SR: What did you learn from collaborating with David Lynch that you brought to this project?
LL: David really taught me to meditate and that there’s this level of creativity inside of us that flows if we are willing to close our eyes and tap into it. So that patience has been very transcendent for me. Also something that I learned from him is that he is very much guided by his emotions. Things don’t always have to make sense, they just have to feel right. So I very much work like that, too. I work based on my emotional intuition.
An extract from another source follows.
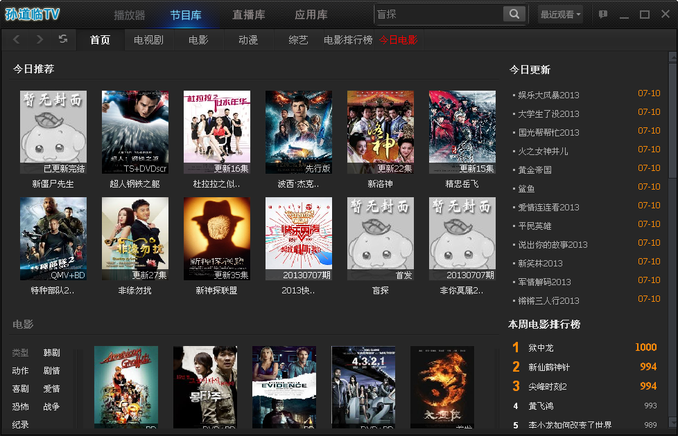 孙道临TV是一款全能播放器,能够观看网络上的高清视频,从网络视频到网络电影,清晰度提高3倍,在线影院级视听享受,提供上万部的电影、电视剧、动漫、综艺等资源,每日更新,最新最热尽在其中,是电脑里必备的P2P点播软件。

SR: Will these visuals be part of your live concerts on your fall tour? You have mentioned that the tour will be equally experimental and immersive – could you explain a little further?
LL: I’m putting together an immersive video installation with Theo, where I would be working and rearranging the album stems and mixing it for spatial audio. So I will definitely put together an experience with the videos, but the live tour will be something else. I’m really interested in the circle within the circle within the circle, so it will be quite a meta show; like the movie within the movie, within the show.
SR: What do you love most about the new album and the visuals?
LL: I made this album for myself, like a re gift for what I started when I was about 18. Theres been a lot of trials and missteps and wrong turns. It’s like I have been practicing this whole life to make the album and visuals of EYEYE – I finally was able to translate what I have been carrying within me for all this time. It’s my own Magnum Opus and how I would like to be remembered.
Harmon Leon is the the author of eight books—the latest is: 'Tribespotting: Undercover (Cult)ure Stories.' Harmon's stories have appeared in VICE, Esquire, The Nation, National Geographic, Salon, Ozy, Huffington Post, NPR’s 'This American Life' and Wired. He's produced video content for Vanity Fair, The Atlantic, Timeline, Out, FX, Daily Mail, Yahoo Sports, National Lampoon and VH1. Harmon has appeared on This American Life, The Howard Stern Show, Last Call With Carson Daly, Penn & Teller’s Bullshit, MSNBC, Spike TV, VH1, FX, as well as the BBC—and he's performed comedy around the world, including the Edinburgh, Melbourne, Dublin, Vancouver and Montreal Comedy Festivals. Follow Harmon on Twitter @harmonleon.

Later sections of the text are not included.